Riak was built to scale elastically, meaning that you can scale your cluster from one node to 100 nodes and beyond simply and easily. As you add nodes to your cluster, Riak automatically takes care of redistributing an equal share of the load to each server in your cluster. Likewise, if you scale your cluster down in size, Riak takes care of re-apportioning the data from the removed node evenly to the remaining nodes.
In contrast, Neo4j was designed to run on one machine and contains no built-in support to scale to multiple machines. That's not to say that you can't scale to multiple machines, it just mean that your application must create its own sharding layer, and be smart enough to cleanly divide the data, which is a challenge, as graph databases generally store randomly connected webs of data. If data is not cleanly shardable, and instead is duplicated across multiple machines, then the sharding layer must be smart enough to coordinate Neo4j transactions, as Neo4j transactions are currently bound to a single machine.
Riak allows you to store semi-structured documents or objects of varying sizes. Riak is equally adept at storing a user profile, an image, an .mp3, a purchase order, or session information for a website.
In contrast, Neo4j stores data using nodes, relationships (imagine a line connecting the nodes), and properties.
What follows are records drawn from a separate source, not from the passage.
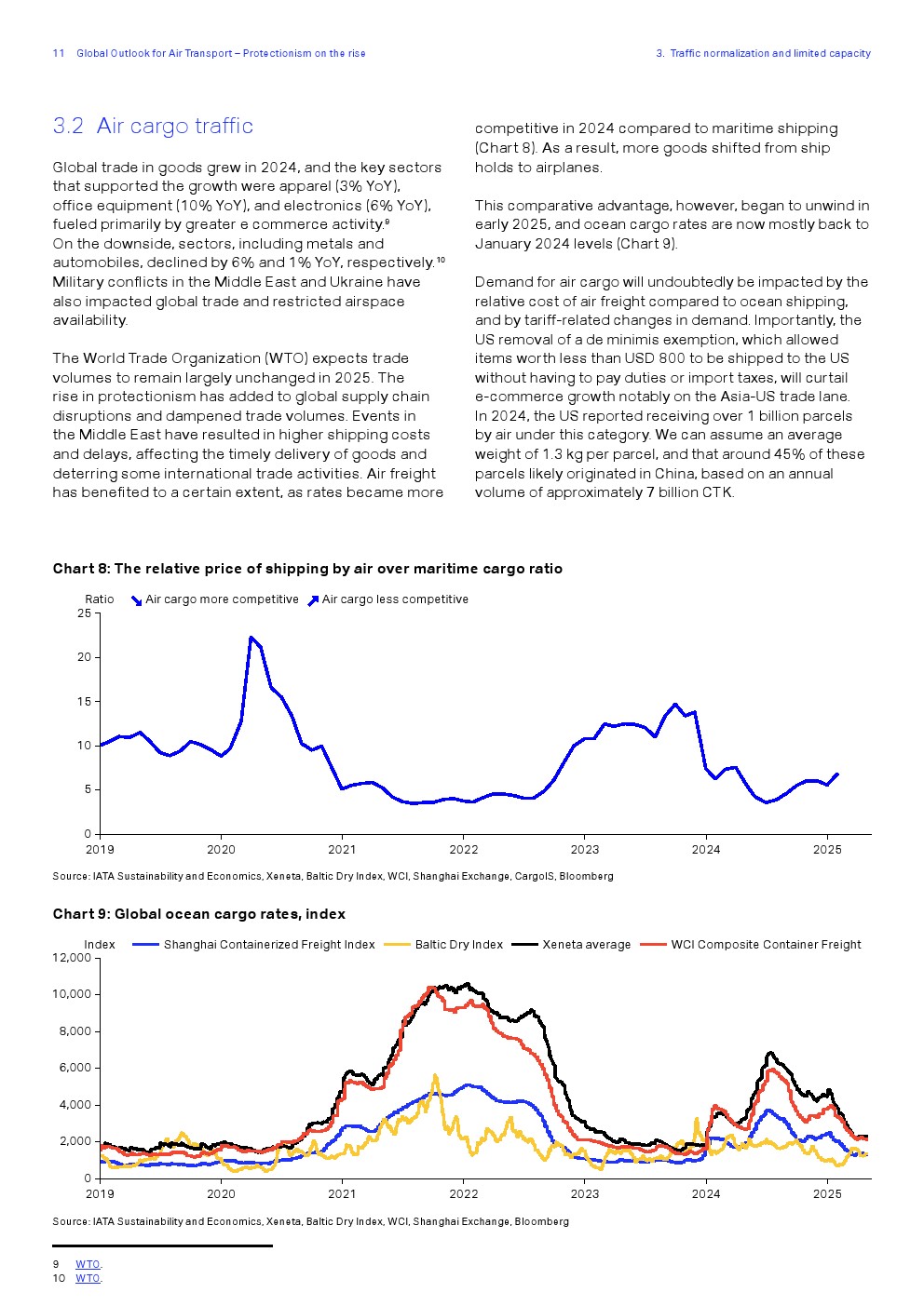 2025年全球航空货运增速将显著放缓至0.7%。关税将抑制贸易,更重要的是取消800美元以下包裹免关税政策的”最低限度”豁免条款也将产生影响。相对竞争力同样关键,海运费用下降使得空运相形见绌。
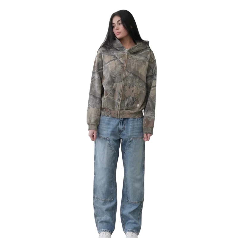 Tämä unisex huppari on täydellinen yhdistelmä tyyliä, mukavuutta ja monikäyttöisyyttä. Valmistettu laadukkaasta polyesterimateriaalista, joka on kevyt, hengittävä ja miellyttävä koskettaa, se tarjoaa optimaalista mukavuutta päivittäisessä käytössä. Moderni camo-kuosi harmaan sävyissä antaa sille elegantin ja urheilullisen ilmeen. Huppu säätönyöreillä suojaa kylmältä ja tuulelta, kun taas vetoketjukiinnitys mahdollistaa helpon pukemisen ja lämmön säätelyn. Huppari sopii sekä naisille että miehille – täydellinen vapaa-aikaan, urheiluun ja kaupunkityyliin.
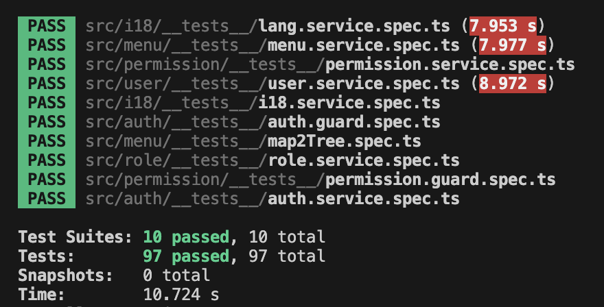 为了尽可能保障质量,给自己多一点安全感,我们给 NestJS 后端服务增加了大量单元测试,目前一共有97个单元测试(欢迎大家一起参与共建,我们的单元测试基于 Jest)。
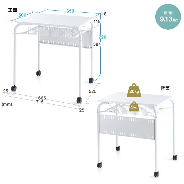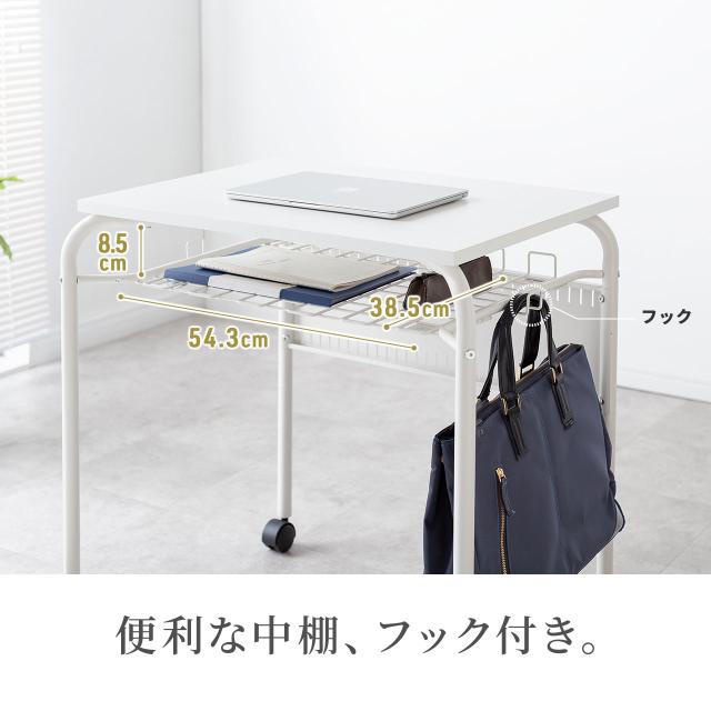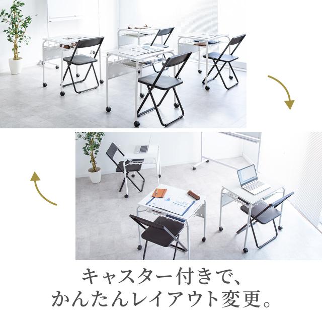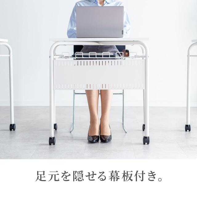 スタッキングデスク 研修デスク サブデスク キャスター付きデスク 中棚付き フック付き 幕板 天板幅65cm 奥行50cm ホワイト[100-DESKF056W]
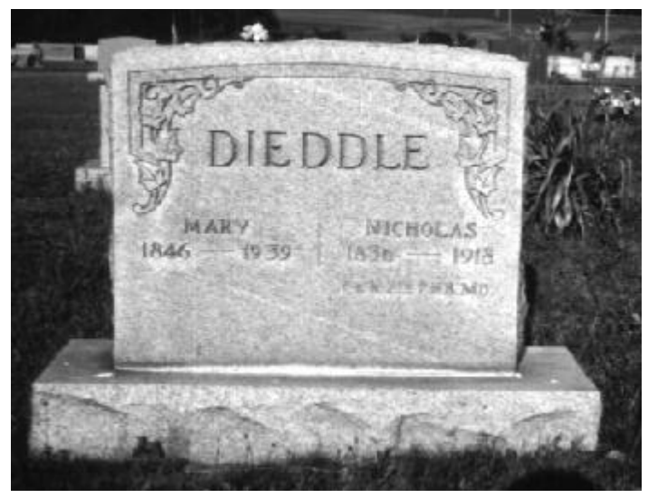 Nicholas Dieddle died on Nov. 23, 191819 and is buried in the Greenville Union Cemetery315, and his tombstone bears the following inscription315:
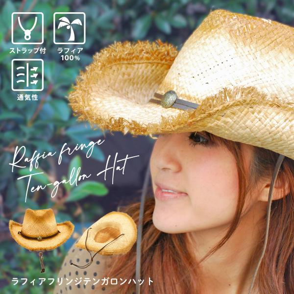 帽子 40代 50代 60代 70代 ラフィアハット 麦わら帽子 ストローハット つば広ハット テンガロンハット 大きいサイズ ウエスタン フリンジ
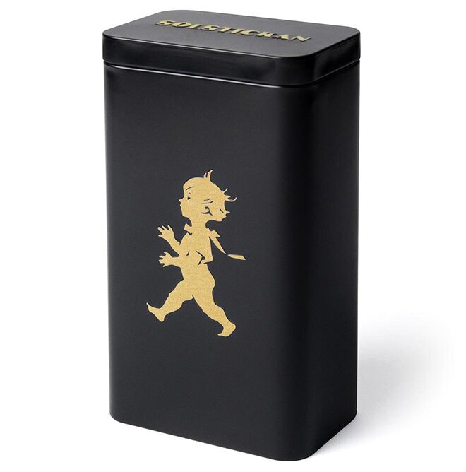 Plåtburk för kaffe från Solstickan Design med motiv av den klassiska Solstickepojken. Läs mer
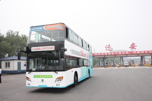 7月16日,中大青山純電動客車500公里示范運行在首都北京圓滿收官。此次示范運行,從北京出發(fā),經(jīng)京沈高速,續(xù)馳到唐山市遷安鎮(zhèn),再返回首都北京,全程約500公里,行駛了約7小時30分。參與全程實況示范運行的單位有:中國道路運輸協(xié)會、中國公路學(xué)會客車分會、民生銀行、渣打銀行、鹽城市人民政府、公證處、北京電視臺、人民網(wǎng)、新浪網(wǎng)、搜狐網(wǎng)、《科技日報》、《每日經(jīng)濟(jì)新聞》、《中國工業(yè)報》、《中國汽車報》、《中國交通報》、中國客車信息網(wǎng)等30多家媒體代表。中大集團(tuán)董事長徐連國、總裁徐連寬、副董事長張玉清,青山能源研究所所長王昌華等一同參加了全程示范運行 。
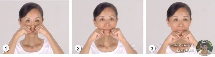 Основное воздействие идет на лимфатические узлы для улучшения отхода лимфы. Нужные нам точки находятся в висках, у крыльев носа, под нижней губой по центру, возле ушных раковин и наверху переносицы (между бровями). Воздействие на каждую такую точку идет с умеренной силой и длится несколько секунд. Это единственный массаж, где не нужно использовать масло или крем, так как нет скольжения по коже.
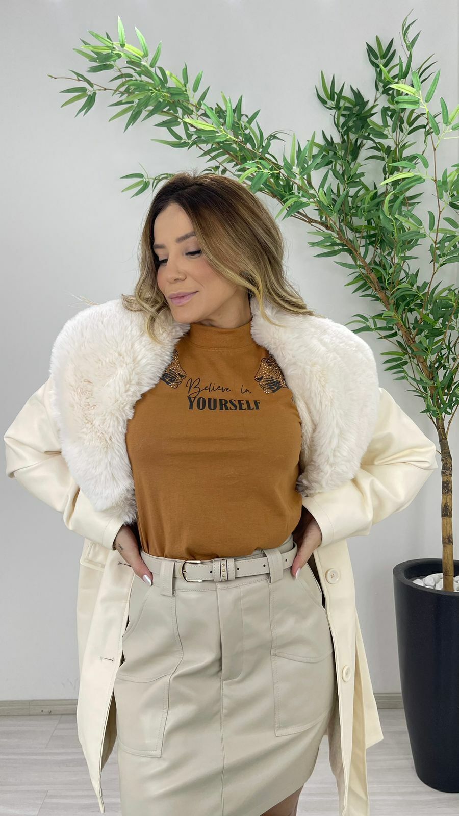 T-SHIRT BRILHO ONÇA CARAMELO
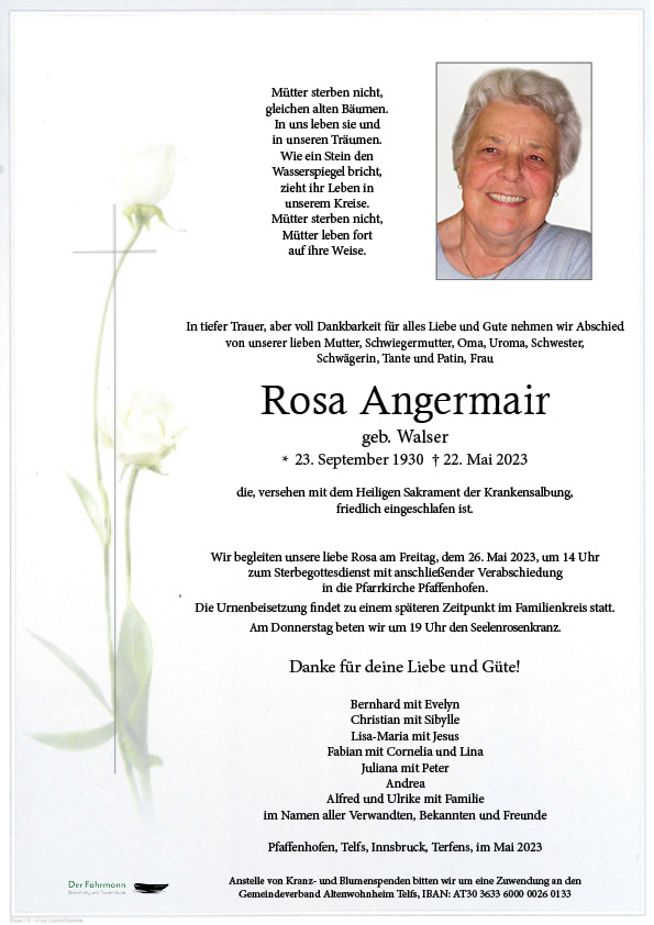 Ruhe in Frieden Rosa. Spötl Robert, Susanne mit Lena
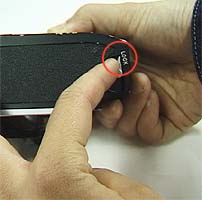 Put the left end of the rear cover on the camera body first, and then put all the rear cover back on the camera body.
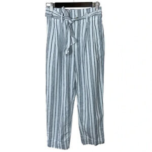 In like-new condition from Madewell - these linen-cotten blend pants feature a paperbag waist, and a striking stripe pattern. Style AN839. Button and zipper closure, tie belt for waist. High waist. Side seam pockets. Spare button attached. 25" length. 55% linen, 45% cotton.
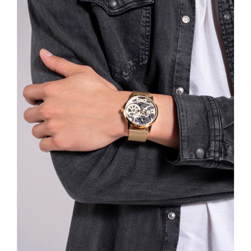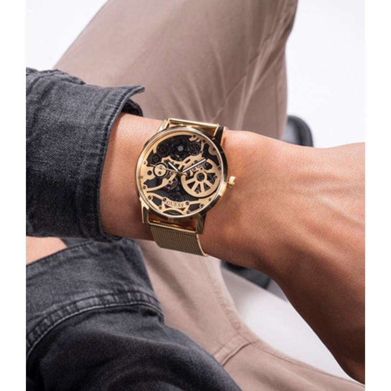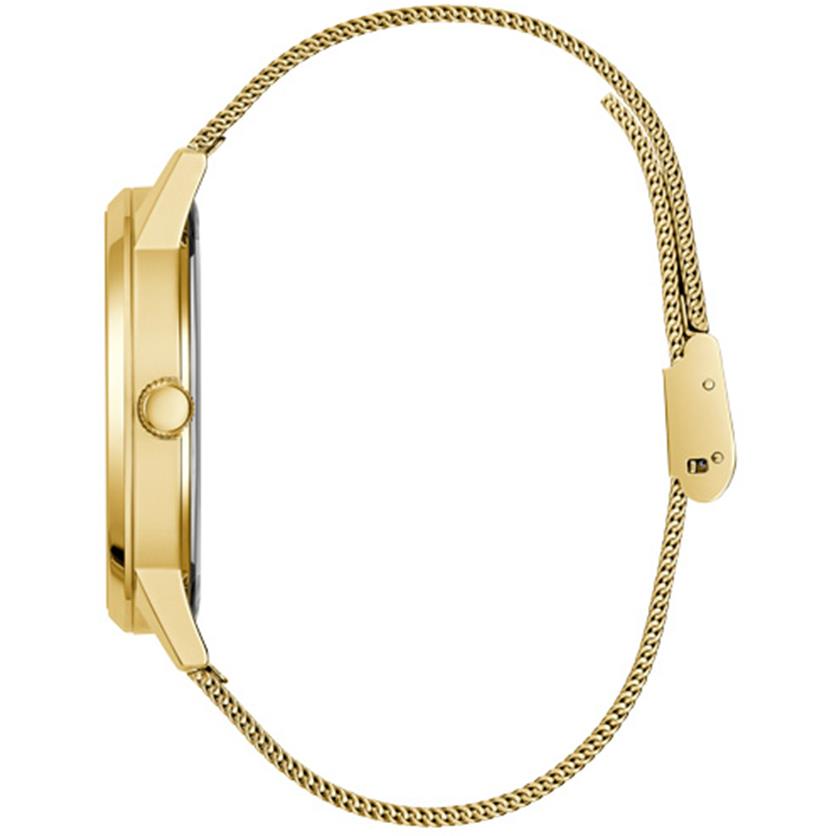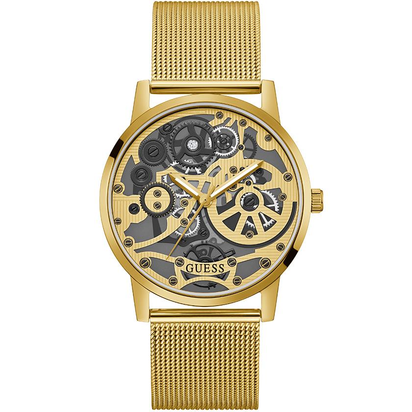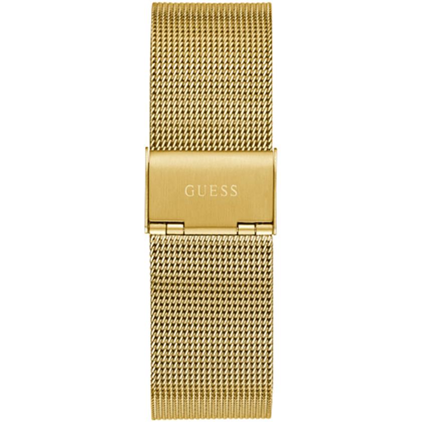 ساعت مچی مردانه گس GUESS با طراحی اسپرت بند حصیر بافت طلایی و قاب گرد فلزی طلایی و صفحه طلایی طوسی و موتور ژاپنی با انرژی باتری با قابلیت داشتن شب نما و مقاومت در برابر آب تا عمق 30 متر به همراه دو سال گارانتی بین المللی
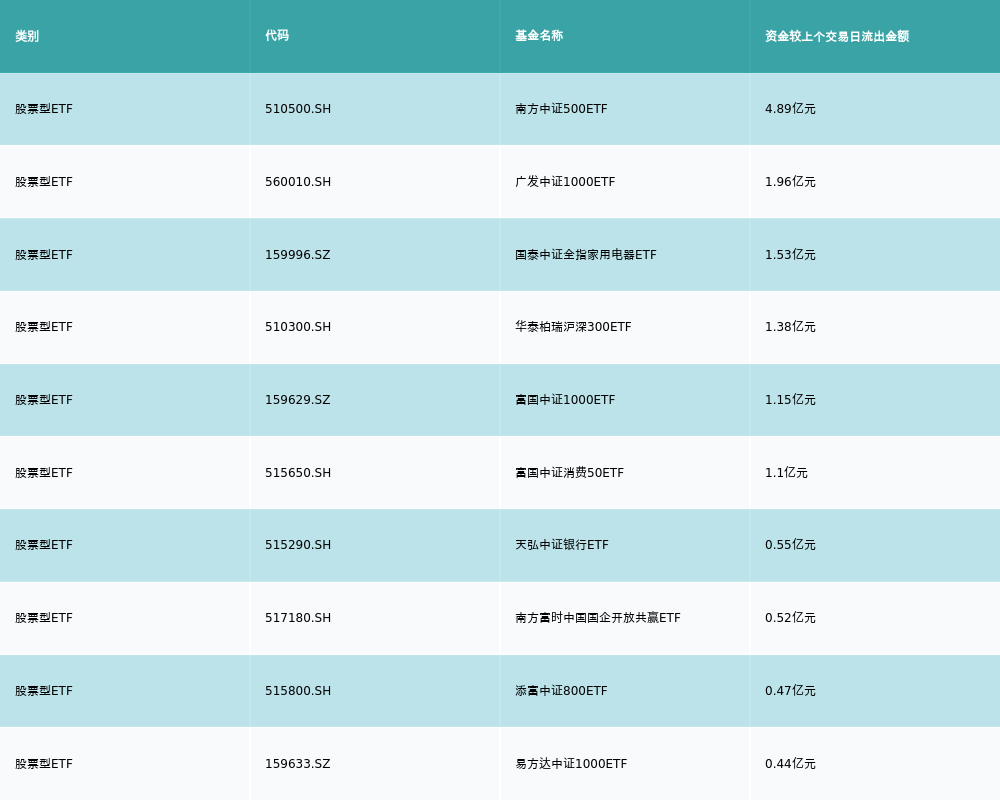 昨日股票型ETF资金流出最多的3支ETF及其流入金额分别为:南方中证500ETF(流出4.89亿元)、广发中证1000ETF(流出1.96亿元)、国泰中证全指家用电器ETF(流出1.53亿元)。资金流出前10详情见下表:
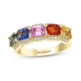 EFFY™ Collection Sideways Emerald-Cut Multi-Colour Sapphire and 0.145 CT. T.W. Diamond Five Stone Ring in 14K Gold
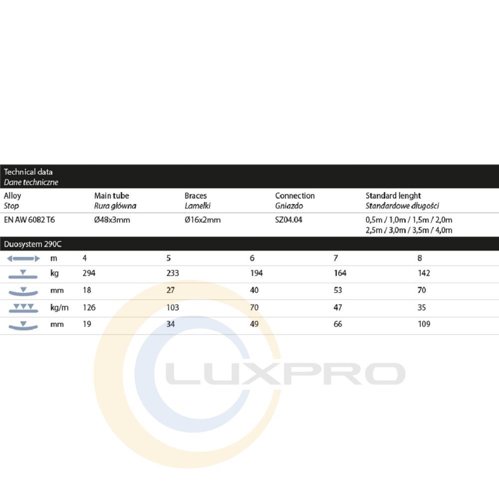 Посилена ферма з діаметром труби 48х3 мм для створення великих конструкцій і сценічних навісів.Ферма DUO 290 A виконана з труби 48 x 3 мм і перемичок 16 x 2 мм, обладнана конічним коннектором - гніздом SZ 04.04. Алюмінієва ферма завдяки своїй конструкції має привабливий, не громіздкий вигляд і велику витривалість, високу стійкість до впливу на них великих навантажень. Із застосуванням наших систем можна створювати різноманітні конструкції в залежності від поставленої мети. У тому числі алюмінієві ферми можуть бути підставою конструкції даху сцени, можуть застосовуватися для створення конструкцій виставкових павільйонів, конструкцій для кріплення проекційних і LED екранів, секцій для розташування звукового і освітлювального устаткування. Якість кожної ферми знаходиться на максимально можливому для подібного виду виробів рівні, що підтверджено сертифікатами ISO DIN 4113 і TUV, а кожен елемент пройшов кілька стадій перевірки якості.Характеристики:
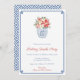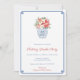 Aquarelle rouge et blanche traditionnelle Fleurs de Noël et feuillage dans un vase de style Ginger Jar. L'avant a une bordure "clé grecque" et l'arrière a un motif "clé grecque". Vous pouvez modifier la couleur de contraste de chaque côté (représentée ici en bleu moyen) en n'importe quelle couleur que vous souhaitez en entrant dans l'outil de conception (sous la zone de personnalisation du texte, cliquez pour "customiser plus loin"), puis en modifiant la couleur arrière - plan de chaque côté de l'invitation.
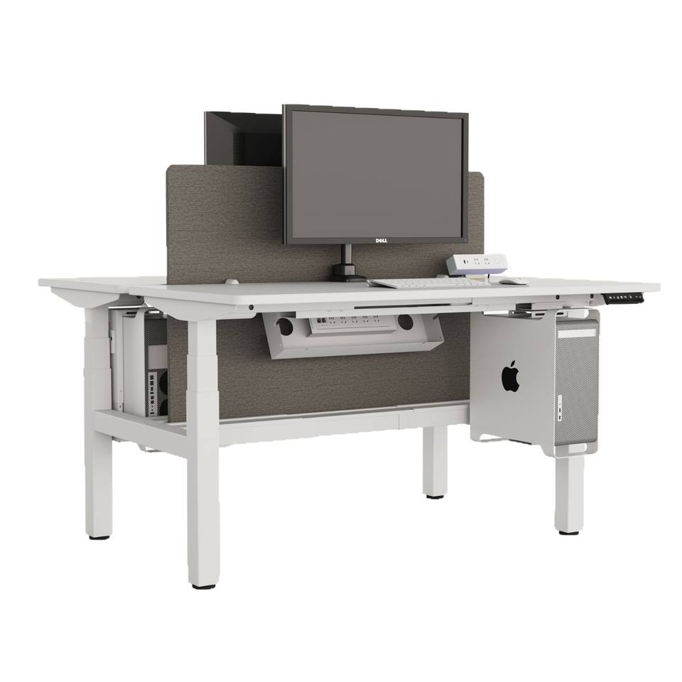 Escritorio Doble para Computadora NATE, Ajustable en Altura Eléctricamente, Marco Blanco, Escritorio de Oficina de Grado de Ingeniería
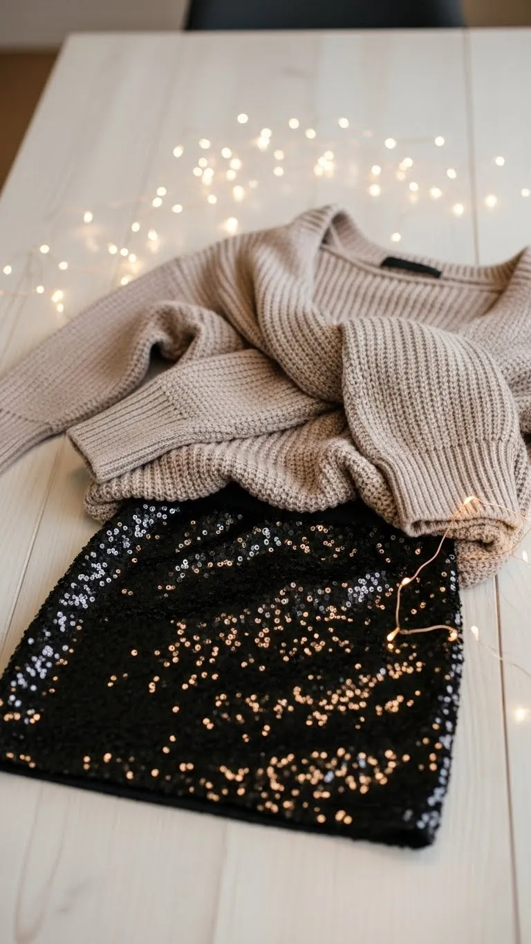 A sequin skirt always draws attention. Pair it with a soft sweater for contrast. Tuck the sweater slightly at the front. Add simple heels or flats. If you want to dress it down, wear ankle boots. Add a simple necklace. You can sew a few sequins on the sweater cuffs to tie the pieces together.
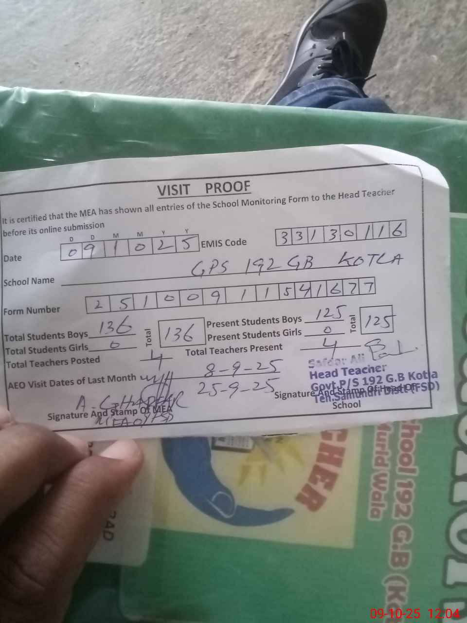 | EMIS Code: 33130116 | Name of School: GPS 192 GB KOTLA | |||

You can associate a list of properties on the node and the relationship. Properties are limited to Java primitives (int, byte, float, etc.), Strings, or an array of primitives and Strings. Relationships are typed, allowing you to express things like “PersonA KNOWS PersonB” and “PersonA IS_RELATED_TO PersonC”.
Riak can detect when two processes try to update the same data with conflicting information by means of a vector clock. In a distributed environment, this happens more often than you would think: a client may update a cached version of an object, or a network split may have caused a client to delay its write. Riak can detect both of these cases, and uses the vector clock to determine which update should win, or to bubble the conflicting versions (called siblings) up to the client, where the application can choose which version wins, often with input from the user. (Think of what happens when two people edit a Wiki at the same time.)
In contrast, Neo4j supports configurable ACID transactions, similar to a traditional RDBMS. This allows a client to update a section of the graph in an isolated environment, hiding changes from other processes until the transaction is committed. If multiple transactions try to modify the same data, the Neo4j kernel will try to synchronize them. If interdependencies between the transactions would cause a deadlock, this will be detected and a corresponding exception will be thrown.
Riak's approach ensures that the datastore is always write-available, and that writes always succeed, even in the face of a network split or hardware failure, so long as the client can reach at least one node in the cluster. The tradeoff is that the client performing the read must do a little extra work to resolve the conflict, or can optionally choose to take the latest version of the object (this is the default setting.)
Neo4j's approach prevents conflicts from happening in the first place. The tradeoff is that client performing the write must do a little extra work to detect and retry a failed transaction, and, as previously mentioned, the transaction can only affect data on a single machine.
With links, you create lightweight pointers between your data, for example, from 'projects' to 'milestones' to 'tasks', and then select data along that hierarchy using simple client API commands. (In a pinch, this can substitute as a lightweight graph database, as long as the number of links is kept reasonably low; think dozens, not thousands.)
Neo4j, on the other hand, excels at querying networks of information. Again, drawing from Facebook, a graph database would make short work of finding all of the people who are friends of your friends. In relational parlance, if your queries start on a single row and explode into thousands of rows via recursive joins, then those relations should likely be stored in a graph database.
Neo4J requires you to provide a starting node before you can perform any queries or traversals. The starting node can be the result of a previous traversal, or may be retrieved by using the integer ID of the node generated by Neo4j. In this latter case, an application needs some way to map a real world value, such as a username, to a node ID. Neo4j currently supports tight integration with Lucene for this purpose, with support for ACID transactions on operations that touch both Neo4j and Lucene. Other than Lucene, any JTA compliant XA resource can participate in Neo4j transactions.